The solution (1) is o, OH, vertical AB, h.

AM= 1, then

ME= 1.5,MB=4,

Because MN=5 and BN=3.

And then you can get

OM/MN=MH/MB=OH/BN ( 1)

OE/DE=HE/AE=OH/DA (2)

Let OM be x, and substitute Me = 1.5, BN = 3, Mn = 5, MB = 4 (1).
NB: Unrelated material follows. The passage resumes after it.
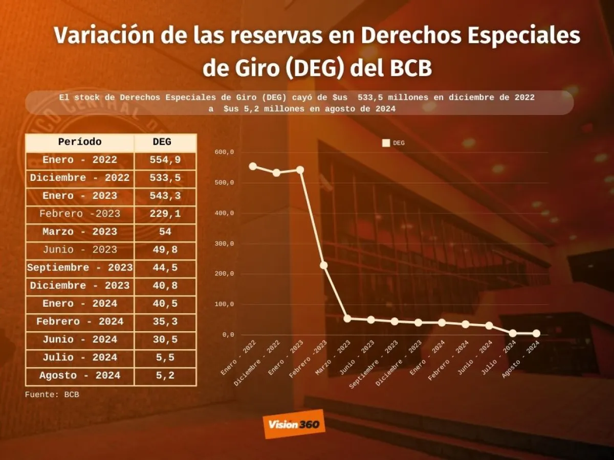 En diciembre de 2022, Bolivia tenía reservas en Derechos Especiales de Giro (DEG), equivalentes a 533,5 millones de dólares, pero en agosto de este año sólo queda un equivalente a 5,2 millones de dólares, una caída de 99,03%, según datos del Banco Central de Bolivia (BCB). El Ente Emisor admite que se usaron para pagar deuda y otras obligaciones.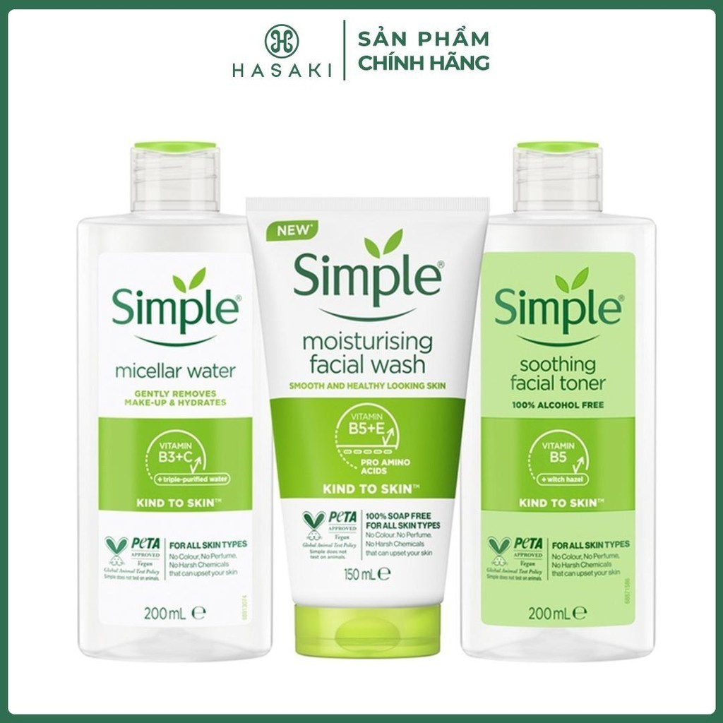 Combo Simple Tẩy Trang 200ml + Sữa Rửa Mặt 150ml + Toner 200ml Sạch Sâu Hasaki Sản Phẩm Chính Hãng

Then MH = 4x/5 and OH = 3x/5.

Substitute (2)

He =3x/ 10.

Because MH+ he = me

So 4x/5+3x/ 10= 1.5.

X= 15/ 1 1.

And so on = 5-15/11= 40/1/.

(2) Obviously, when m passes through the midpoint e, the part that falls in the bright area is the whole MN with a length of 5.

Therefore, when x≤2.5,

Let OM=m

[Then the method is the same as (1)]

OH/BN=MH/MB=MO/MN, that is, OH/t=MH/(5-x)=MO/5.

And OH=2HE.

The simultaneous equations 2HE=MH*t/(5-x) and HE+MH=2.5-x are obtained.

Get the expression,

MH=(5-2x)(5-x)/(t+ 10-2x)

So MO/5=MH/(5-x)

MO =(25- 10x)/(t+ 10-2x)

So y = 5-(25-10x)/(t+10-2x) = (25+5t)/(10+t-2x) (0 ≤ x ≤ 2.5).

y = 5(2.5 & lt; x≤5)

(3) When 2.5

When 0≤x≤2.5,

5/y = 1+(25- 10x)/(25+5t)

Let 0 ≤ x 1

Then 5/y1-5/y2 = (25-10x1)/(25+5t1)-(25-10x2)/(25+5t2).

Because MB 2+BN 2 = Mn 2

So t 2 = 10x-x 2.

T is in the range of 0≤x≤2.5, and increases with the increase of x.

So 25+5t 1

And 25-10x1>; 25- 10x2

Denominator increases, numerator decreases, and the whole decreases.

so 5/y 1-5/y2 >; 0

Get y 1

Therefore, in the range of 0≤x≤2.5, y increases with the increase of x;

When 2.5

References:

Junior high school+senior high school learning experience ~ this topic is still a classic question type, and it is all the same.